GIVEN ENTRIES
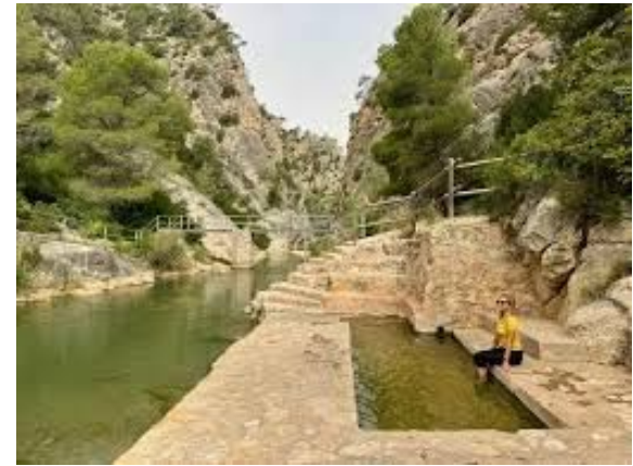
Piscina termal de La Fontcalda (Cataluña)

==

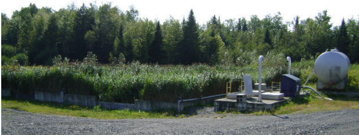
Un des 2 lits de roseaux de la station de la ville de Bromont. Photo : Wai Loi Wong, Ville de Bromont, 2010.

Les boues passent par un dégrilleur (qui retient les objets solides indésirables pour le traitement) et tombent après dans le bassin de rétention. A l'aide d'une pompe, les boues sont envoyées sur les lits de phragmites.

==

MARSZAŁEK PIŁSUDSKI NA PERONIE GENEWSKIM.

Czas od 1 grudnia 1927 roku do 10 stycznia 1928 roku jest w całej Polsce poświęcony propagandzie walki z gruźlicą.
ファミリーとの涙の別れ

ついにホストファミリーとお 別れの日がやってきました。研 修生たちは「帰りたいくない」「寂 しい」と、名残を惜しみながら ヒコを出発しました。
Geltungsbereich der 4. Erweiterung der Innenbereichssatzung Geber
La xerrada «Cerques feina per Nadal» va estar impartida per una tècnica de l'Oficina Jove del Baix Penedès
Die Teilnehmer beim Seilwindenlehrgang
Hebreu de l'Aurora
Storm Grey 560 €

EXERCISE GOAL
The lines to copy are those in the listing that contain "lits".

OUTPUT BELOW
Un des 2 lits de roseaux de la station de la ville de Bromont. Photo : Wai Loi Wong, Ville de Bromont, 2010.
Les boues passent par un dégrilleur (qui retient les objets solides indésirables pour le traitement) et tombent après dans le bassin de rétention. A l'aide d'une pompe, les boues sont envoyées sur les lits de phragmites.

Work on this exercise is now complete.